──────── Extracted data
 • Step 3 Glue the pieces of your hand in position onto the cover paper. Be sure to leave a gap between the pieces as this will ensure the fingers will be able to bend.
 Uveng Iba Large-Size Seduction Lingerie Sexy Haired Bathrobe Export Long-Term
────────────────
──────── Extracted data
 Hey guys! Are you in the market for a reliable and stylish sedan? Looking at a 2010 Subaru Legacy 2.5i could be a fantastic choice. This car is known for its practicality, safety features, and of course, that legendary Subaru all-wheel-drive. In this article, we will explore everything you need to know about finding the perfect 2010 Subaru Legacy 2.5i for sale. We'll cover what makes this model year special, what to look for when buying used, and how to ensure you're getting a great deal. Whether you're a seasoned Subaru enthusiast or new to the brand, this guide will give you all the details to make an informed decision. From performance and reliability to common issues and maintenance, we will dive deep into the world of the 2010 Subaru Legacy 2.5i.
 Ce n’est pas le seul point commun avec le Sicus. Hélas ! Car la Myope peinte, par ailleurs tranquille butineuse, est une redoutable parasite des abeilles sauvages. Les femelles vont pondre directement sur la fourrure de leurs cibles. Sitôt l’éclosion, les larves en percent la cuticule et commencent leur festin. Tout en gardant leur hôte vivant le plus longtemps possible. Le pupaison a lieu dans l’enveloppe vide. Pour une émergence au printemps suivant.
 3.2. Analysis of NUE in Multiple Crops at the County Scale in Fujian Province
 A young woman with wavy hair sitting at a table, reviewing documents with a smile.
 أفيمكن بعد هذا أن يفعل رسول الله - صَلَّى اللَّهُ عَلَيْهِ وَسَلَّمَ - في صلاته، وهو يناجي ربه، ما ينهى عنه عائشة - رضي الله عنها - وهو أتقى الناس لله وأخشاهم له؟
────────────────
──────── Extracted data
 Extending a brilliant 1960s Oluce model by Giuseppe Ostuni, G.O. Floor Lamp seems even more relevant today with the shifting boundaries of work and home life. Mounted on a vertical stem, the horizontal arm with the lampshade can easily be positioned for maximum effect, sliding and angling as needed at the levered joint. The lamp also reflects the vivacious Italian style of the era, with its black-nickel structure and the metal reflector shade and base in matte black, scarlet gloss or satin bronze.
────────────────
The task —
Would you print exactly, and only, the lines of the data above from the line with "able to bend." through the line with "Uveng Iba Large-Size", inclusive?

Solution to the problem —
 • Step 3 Glue the pieces of your hand in position onto the cover paper. Be sure to leave a gap between the pieces as this will ensure the fingers will be able to bend.
 Uveng Iba Large-Size Seduction Lingerie Sexy Haired Bathrobe Export Long-Term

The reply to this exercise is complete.